A: Ranbaxy has been the torch bearer of pharmaceutical industry in India. Ranbaxy is a globalized pharmaceutical company. It is the most globalized pharmaceutical brand. It has earned the trust and faith and belief of all the stakeholders regulators, doctors, patients from all over the world. We have demonstrated innovation. This trust I still see will continue.
Q: What has come out after you have settled with the US, what happened between 2004 and may be 2006 and 2007 has actually hit that trust point for Ranbaxy brand?
A: We operate from very high standards of professionalism and integrity.
Q: That is now, but people are questioning what happened in the company.
A: The building of the brand is from now.
Q: Are you looking at rebranding of the company?
A: Ranbaxy brand is the most trusted brand even today. I don’t see any reason why we should be rechristening Ranbaxy.
Q: Even the industry at par is also pin pointing and saying that what Ranbaxy did was not right. It is a wakeup call for the industry, we need to change. Some also point out that the Ranbaxy issue has actually put bad light on the entire generics industry. Does the company take onus of that?
A: I recognize that there have been debates in the recent past. I recognize that there have been issues with the company which we have already set right. A very responsible company such as Ranbaxy have earned India the reputation of becoming pharmacy to the world. It is my sincere belief that the same responsible companies through their high standards of operation will continue to build the credibility of India remaining pharmacy to the world – I am very confident of that.

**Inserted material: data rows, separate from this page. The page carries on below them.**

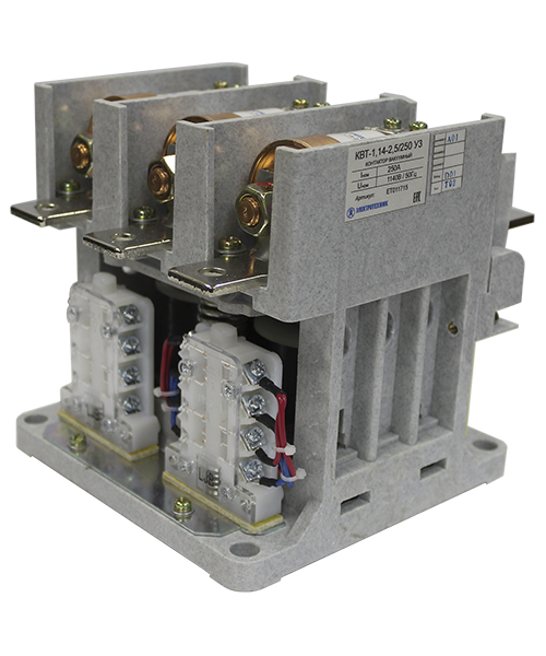 Контактор вакуумный КВТ-1,14-4/400-3 У3, трёхполюсный, 400А, 380В, 2з+2р, нереверсивный, без реле, с литым модулем питания, IP00 (ЭТ) | код ET011718 | Электротехник
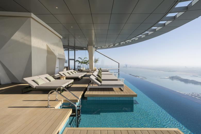 In creating the AURA SKYPOOL, Kokaistudios’ remit was to frame and contextualize the location’s breathtaking views. It achieves this through a design dialogue between outdoor and indoor; manmade islands versus imagined ones; above water and below. As the world's highest 360° infinity pool, the destination has fast become one of Dubai’s must-visit experiences. At the same time, its combination of tactile features, natural breeze, fluttering canopies, and above all, glittering blue water that seems to meet the sky feels nothing short of exclusive, luxurious, and far removed from the heat and intensity of this unique urban center.
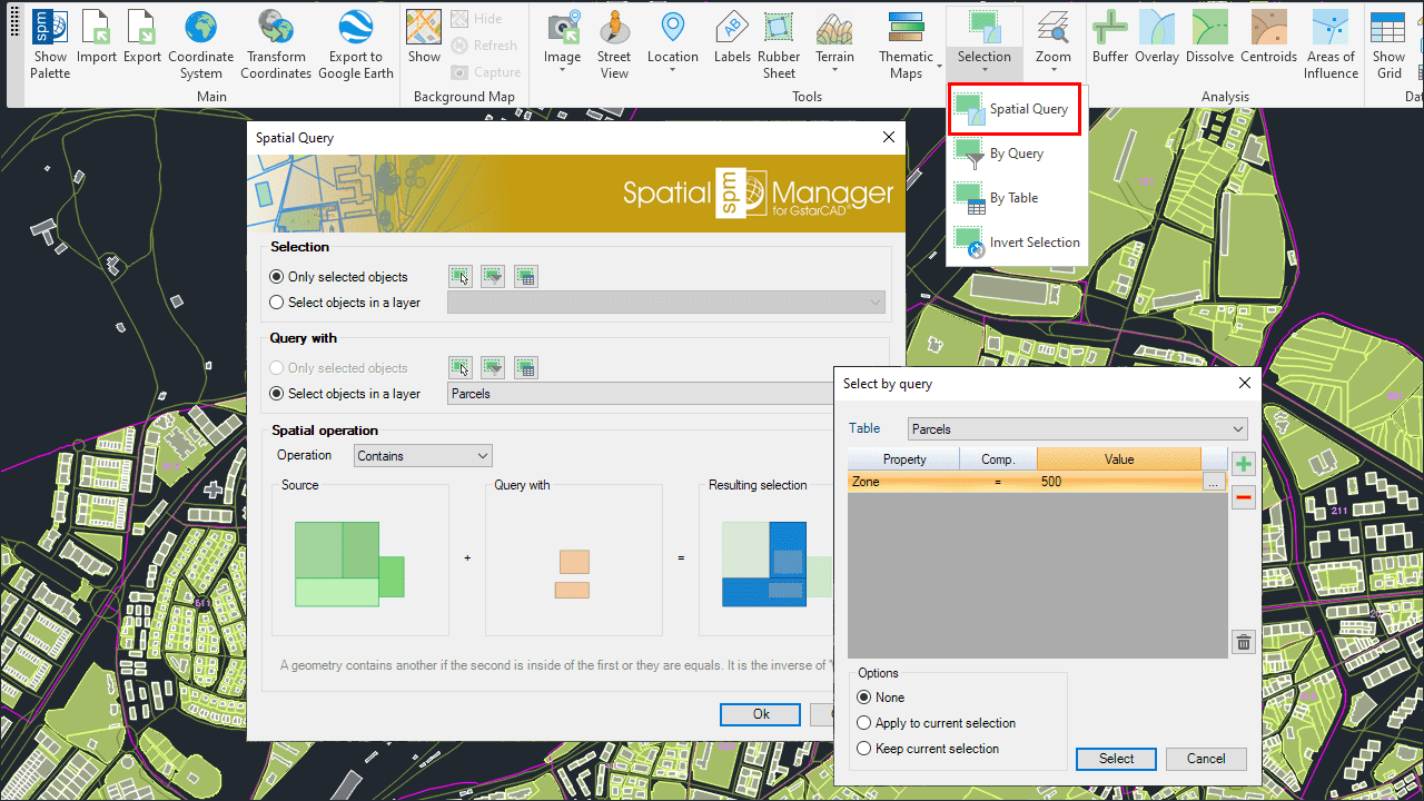 The command ‘SPMSPATIALQUERY’ in Spatial Manager™ for GstarCAD allows you to select entities in the drawing according to the result of advanced simple or compound spatial queries.
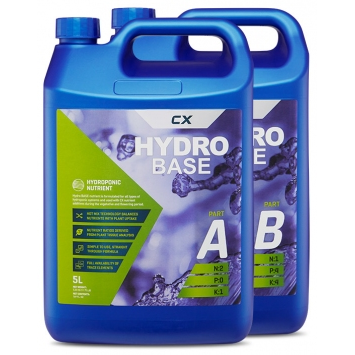 Hydro BASE nutrient is formulated for all types of hydroponic systems and used with CX Horticulture nutrient additives during the vegetative and flowering period.
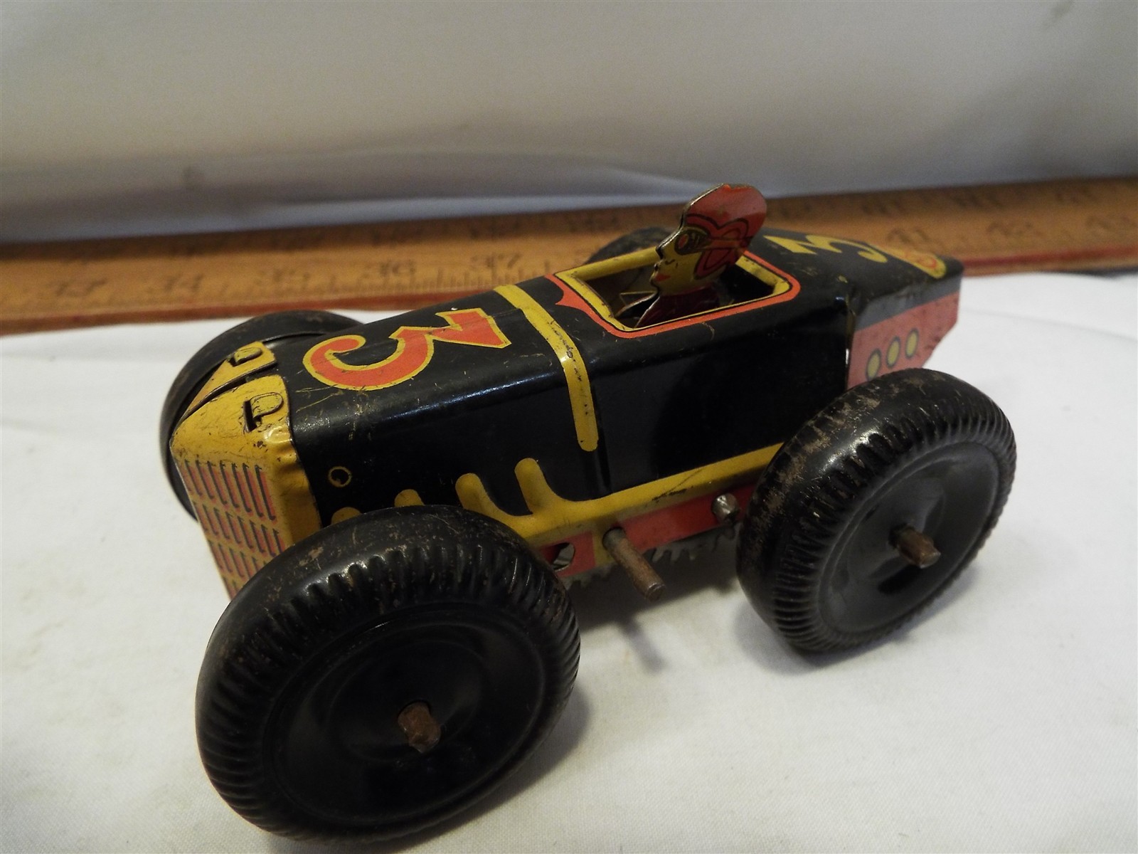 Vintage Marx Tin Litho Wind-Up Racecar Racer No. 3 Clockwork Race Car Windup

Q: Even this is pushing the USFDA to relook at things to make their systems more stringent and there has also been congressional inquiry called into the USFDA. Do you see a lot more changing in the US market also for Ranbaxy and overall for the generic industry?
A: I have a feeling it is uniform for all the companies whether they are in India or they are in US. I don’t see any discrimination there.

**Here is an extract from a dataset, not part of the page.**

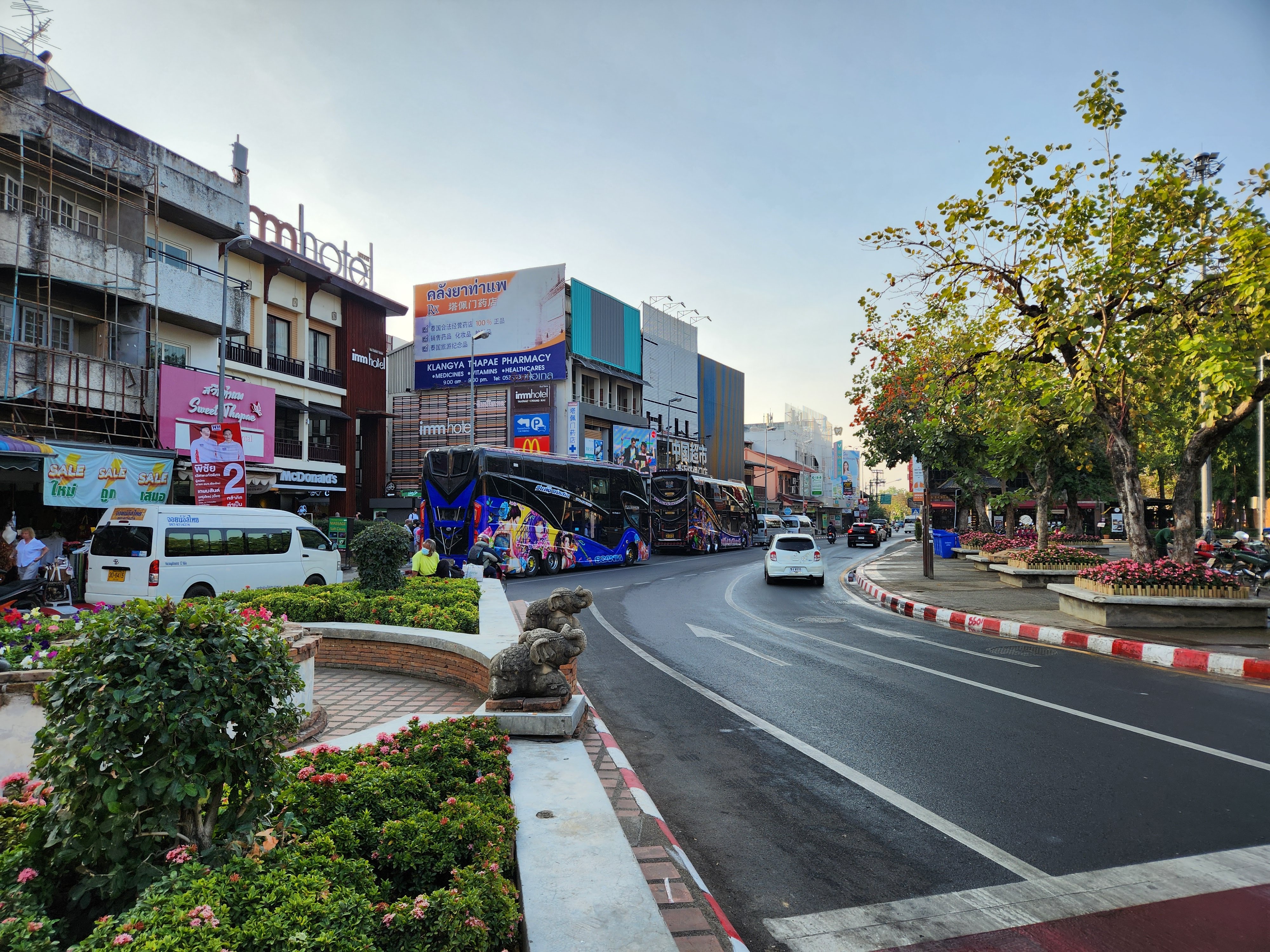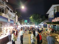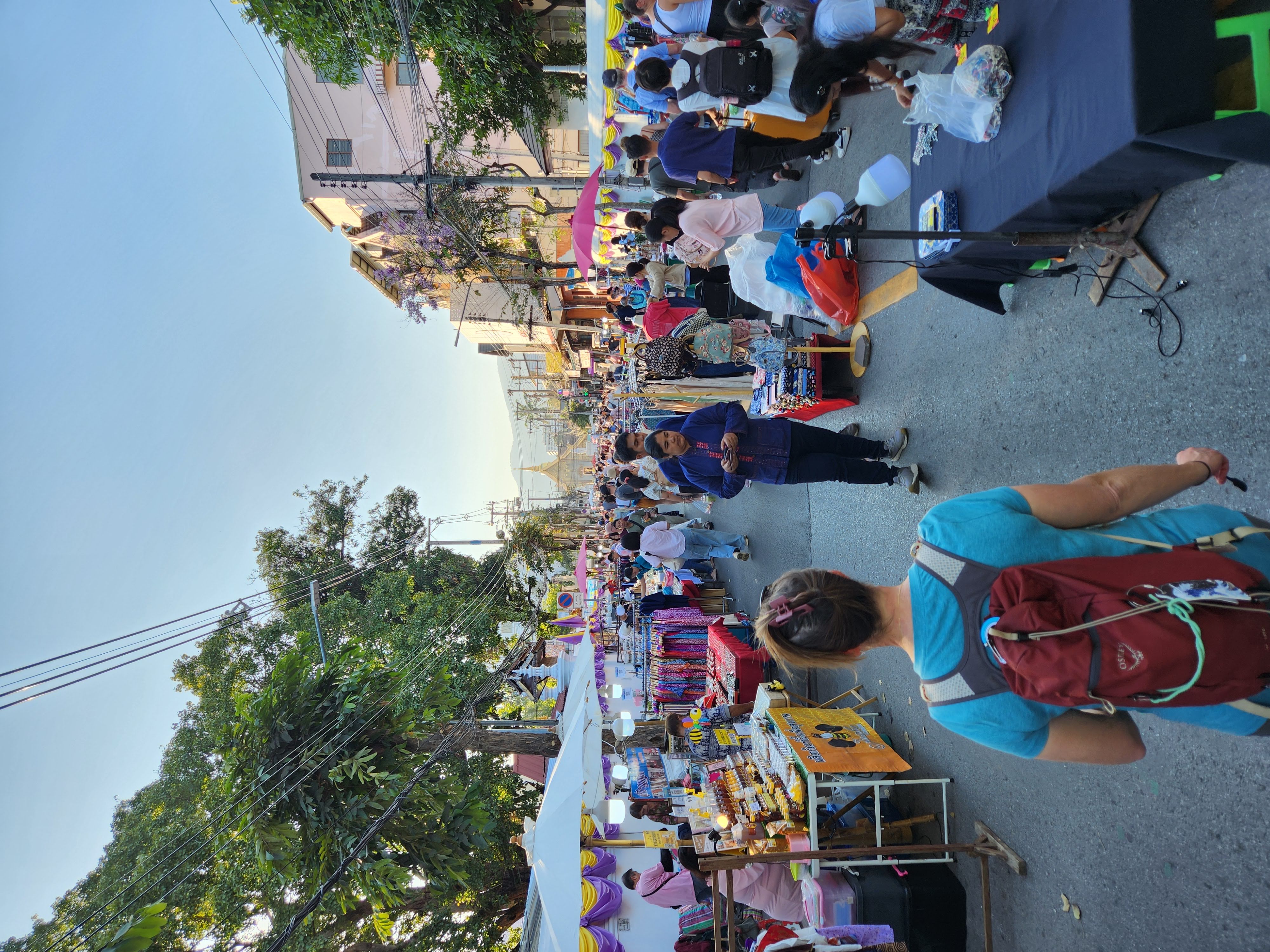 We headed back to our hotel. I decided a nap was in order and Scott decided that he wanted to explore more of Chiang Mai. He wandered northeast where we hadn’t ventured yet and first ended up in an area with several clothing stores. He decided to see if any of them carried the “Made in Thailand” Woolly brand merino wool shirts (Amazon) that he wears and specifically picked for travel due to their quick drying properties and their ability to repel odor. No luck. So he continued along and found an art gallery, the local Muay Thai boxing arena, popped into a McDonald’s to see how their prices compared to back home, saw the night bazaar being set up, and then got a lime smoothie. He reported that the lime smoothie made for a rather “puckering experience.” I eventually texted him inquiring as to his whereabouts and he started heading back to Fang Chiang Mai, walking along the canal.

Q: How about your investors – the company has lost almost 30 percent market cap in the last two years. How do you build that confidence back into the investors who also have the same issues in mind?
A: The credibility that Ranbaxy will build once again with all the stakeholders will bring that value.
Q: So, the corporate governance issue that investors have in mind will be taken care of you are saying?
A: I think it should be considered the thing of the past.